The Continuing French Revolution and How to Stop it

Without Knowing Our Creator, The American Experiment Collapses into Incoherence

If I were to summarize, in a single sentence, the radical philosophy that has infiltrated and ruled the American university for the past seventy years, it would be this: the continuing French Revolution. There was a time when the American and French Revolutions were contrasted, with the American emerging as the superior model. Even a cursory glance at the events in France is enough to make the stomach turn. And yet, we remain under the sway of its philosophy. The cries of Liberté, Égalité, Fraternité still echo, now repackaged in the rhetoric of DEI and conflict theory. The question is whether we can recover the ideals of the American Revolution before the guillotine of ideological purity claims its next victim.

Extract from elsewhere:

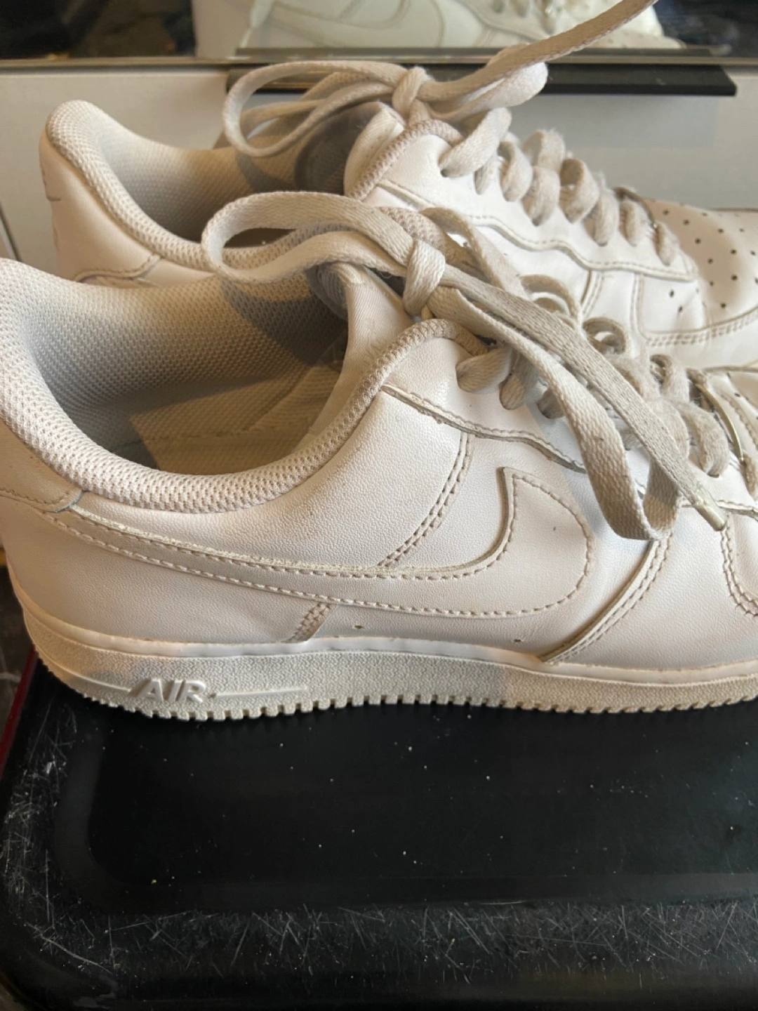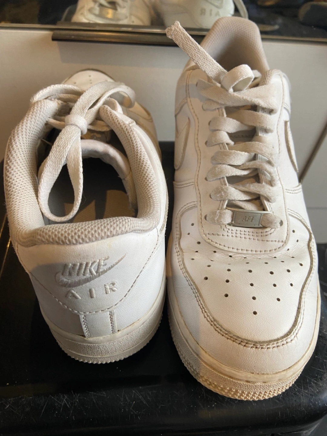 Classic white leather sneakers. Air Force 1 design. Good condition, some minor wear.

The French Revolution styled itself as the triumph of Reason. Humanity, at long last, was emerging from the Dark Ages, and it was only a matter of time before scientists and philosophers ushered in the perfect society. Everything had to be remade because everything had been mistaken. The revolutionaries taught that humans were born good and were corrupted only by their environment. If education could be made universally accessible, then enlightened teachers could train up a generation that would reconstruct society, eliminating material want—the supposed root of all evil. Ultimately, Rousseau taught that private property was the true source of human corruption, and therefore, its abolition would bring about the good society.

Hopefully, you can easily see how Marx simply picked up this line of thought. From there, it was only a small step to today’s professors, eager to teach your children for the modest sum of $80,000. Marx formalized the material dialectic, relying on Rousseau’s belief that man is born innocent but corrupted by a society marked by an unequal distribution of material resources. This conflict took many forms, but it always seemed to converge on a single culprit: the white Protestant man, who, we are told, constructed a structurally unjust society to preserve his wealth and oppress everyone else.

The liberty promised by the French Revolution was a liberty from both God and human tradition. For the French philosopher, these were one and the same—since there is no God, anything attributed to Him is merely a human construct. Here, we see the crucial difference between the French Revolution and the Reformation. The Reformers also insisted that human tradition must be judged by a higher standard—but that standard was The Word of God.

It might surprise you, but the heart of this conflict was not the written Word—the Bible—but rather creation itself.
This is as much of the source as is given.